[EXCERPTED DATA — start]

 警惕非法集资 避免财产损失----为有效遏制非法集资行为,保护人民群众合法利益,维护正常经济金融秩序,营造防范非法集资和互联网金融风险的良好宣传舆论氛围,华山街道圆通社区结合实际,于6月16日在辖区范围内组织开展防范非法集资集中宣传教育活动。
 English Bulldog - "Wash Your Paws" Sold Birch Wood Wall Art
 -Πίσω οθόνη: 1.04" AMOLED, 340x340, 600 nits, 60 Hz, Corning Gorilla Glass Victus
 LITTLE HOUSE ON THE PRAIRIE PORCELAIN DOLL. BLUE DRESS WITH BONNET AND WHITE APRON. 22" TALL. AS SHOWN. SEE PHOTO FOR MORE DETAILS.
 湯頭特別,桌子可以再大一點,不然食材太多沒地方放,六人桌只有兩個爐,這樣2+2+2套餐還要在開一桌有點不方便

[EXCERPTED DATA — finish]
[EXCERPTED DATA — start]

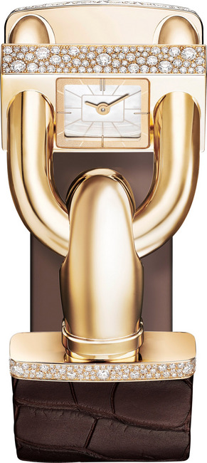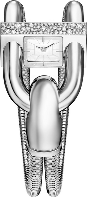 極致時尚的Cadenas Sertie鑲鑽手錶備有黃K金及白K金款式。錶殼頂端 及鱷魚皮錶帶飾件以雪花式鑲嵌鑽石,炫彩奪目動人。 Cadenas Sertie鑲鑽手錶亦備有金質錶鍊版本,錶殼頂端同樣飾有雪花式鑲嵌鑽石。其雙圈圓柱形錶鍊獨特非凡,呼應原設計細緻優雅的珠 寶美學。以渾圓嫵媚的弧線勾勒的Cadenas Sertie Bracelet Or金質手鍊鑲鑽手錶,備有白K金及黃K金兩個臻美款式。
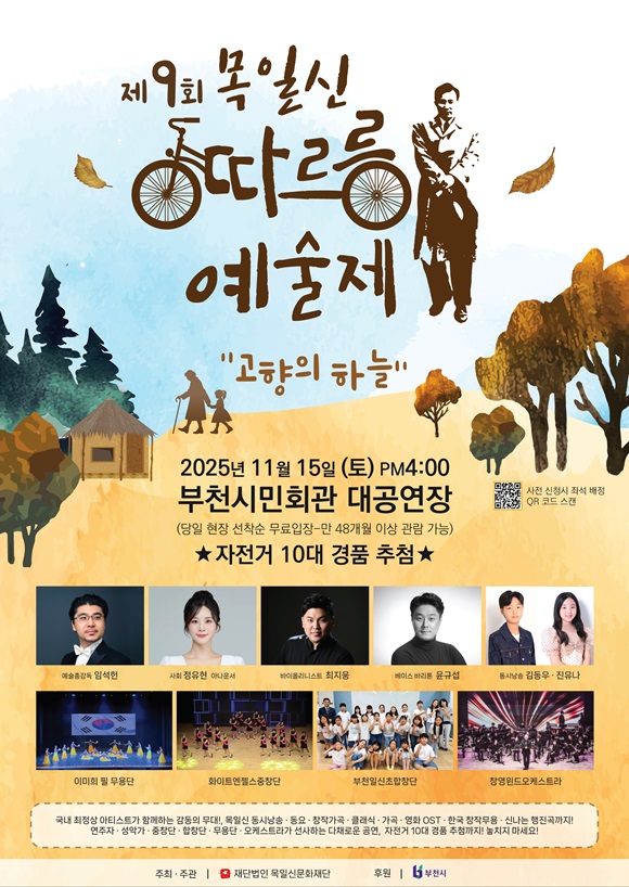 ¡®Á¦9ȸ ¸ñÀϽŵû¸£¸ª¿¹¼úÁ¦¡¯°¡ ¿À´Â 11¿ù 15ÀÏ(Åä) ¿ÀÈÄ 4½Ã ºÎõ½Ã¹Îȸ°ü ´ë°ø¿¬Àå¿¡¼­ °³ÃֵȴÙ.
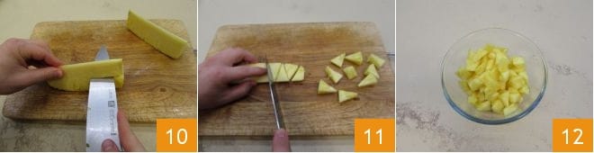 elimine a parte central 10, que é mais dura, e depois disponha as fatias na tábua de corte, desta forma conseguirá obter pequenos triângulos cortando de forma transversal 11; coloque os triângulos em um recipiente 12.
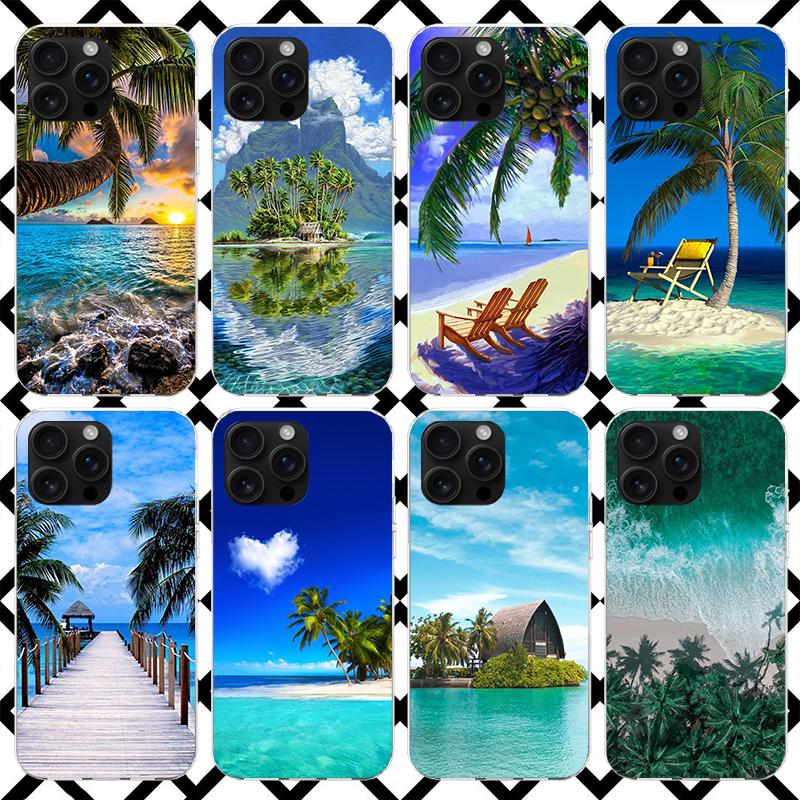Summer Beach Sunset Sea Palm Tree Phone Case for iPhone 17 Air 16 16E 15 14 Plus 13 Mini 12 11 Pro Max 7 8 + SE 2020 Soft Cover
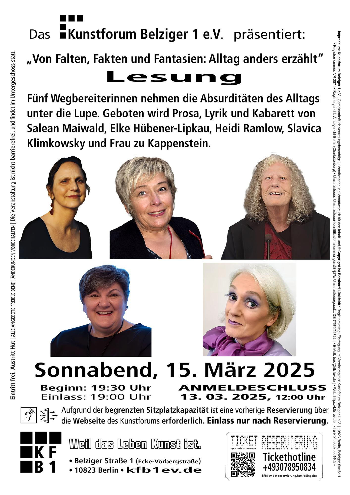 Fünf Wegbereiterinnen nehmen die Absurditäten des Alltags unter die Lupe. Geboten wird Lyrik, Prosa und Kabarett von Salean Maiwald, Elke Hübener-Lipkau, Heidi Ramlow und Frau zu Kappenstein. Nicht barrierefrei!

[EXCERPTED DATA — finish]
[EXCERPTED DATA — start]

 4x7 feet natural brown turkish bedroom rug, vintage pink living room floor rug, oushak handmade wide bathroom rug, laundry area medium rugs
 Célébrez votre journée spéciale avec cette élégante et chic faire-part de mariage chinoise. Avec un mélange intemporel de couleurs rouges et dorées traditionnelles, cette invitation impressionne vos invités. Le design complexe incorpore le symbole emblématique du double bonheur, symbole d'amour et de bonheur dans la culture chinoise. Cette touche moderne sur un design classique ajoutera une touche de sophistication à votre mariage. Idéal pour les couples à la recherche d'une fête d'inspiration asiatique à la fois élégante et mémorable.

[EXCERPTED DATA — finish]

TASK DETAILS: Starting with the line above that holds "Gorilla Glass Victus" and stopping with the line that holds "湯頭特別,桌子可以再大一點,不然食材太多", reproduce each line exactly, omitting all other lines.

SOLUTION TO THE EXERCISE:
 -Πίσω οθόνη: 1.04" AMOLED, 340x340, 600 nits, 60 Hz, Corning Gorilla Glass Victus
 LITTLE HOUSE ON THE PRAIRIE PORCELAIN DOLL. BLUE DRESS WITH BONNET AND WHITE APRON. 22" TALL. AS SHOWN. SEE PHOTO FOR MORE DETAILS.
 湯頭特別,桌子可以再大一點,不然食材太多沒地方放,六人桌只有兩個爐,這樣2+2+2套餐還要在開一桌有點不方便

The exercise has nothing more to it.